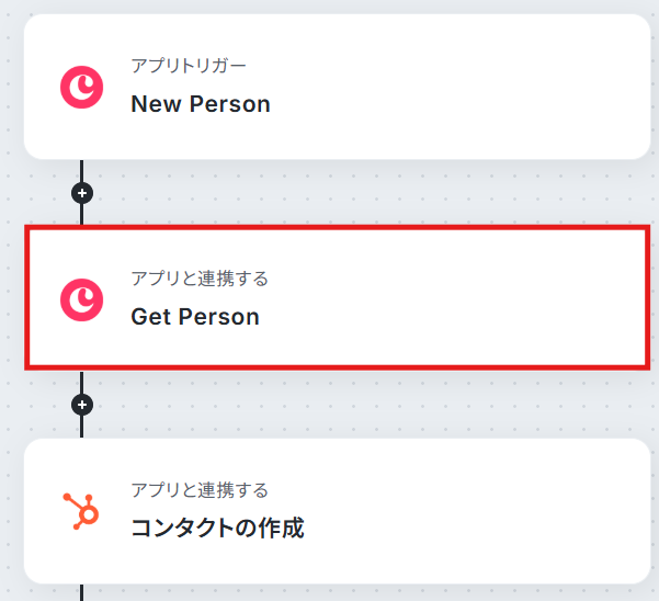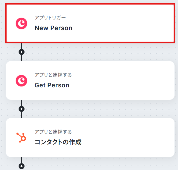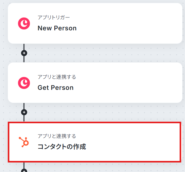 最後に、Copperに作成したPersonの情報をもとに、自動でHubSpotのコンタクトを作成する設定をおこないます。
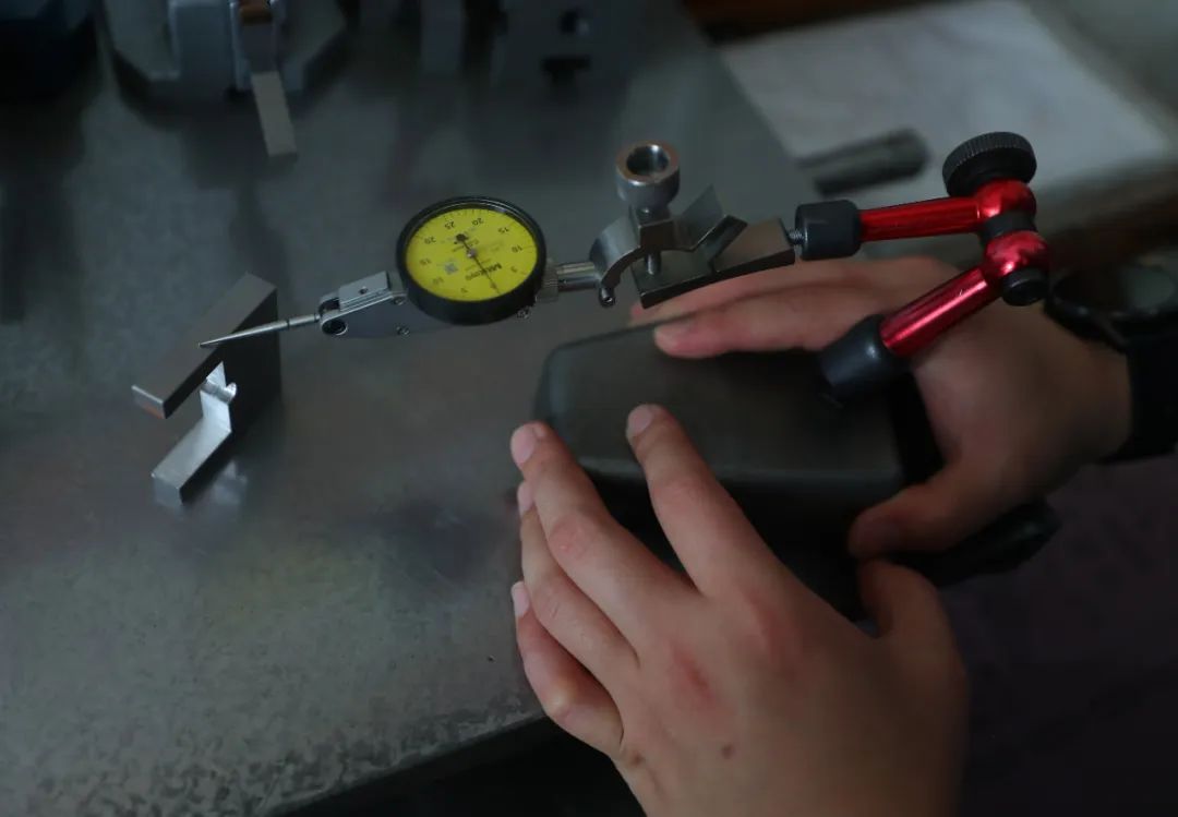 4月19日,在沈阳飞机工业(集团)有限公司方文墨工作室,青年工人杨国心用杠杆百分表测量飞机零部件平面度。
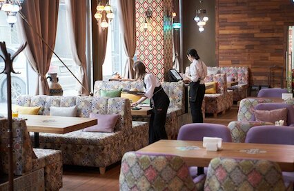 - Ресторан русской кухни с эстетичными десертами и чаем из самовара в Большом Спасоглинищевском переулке
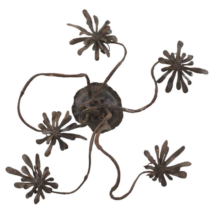 Rare mid-century modern metal Brutalist wall lamp "Flower" by Salvino Marsura, made in Italy in the 1960s.

Aim of the task: Give back an exact copy of only the lines from the one with "- Ресторан русской" through the final line of the material, both included. Pictures do not belong in it.

Task solution:
 - Ресторан русской кухни с эстетичными десертами и чаем из самовара в Большом Спасоглинищевском переулке
 Rare mid-century modern metal Brutalist wall lamp "Flower" by Salvino Marsura, made in Italy in the 1960s.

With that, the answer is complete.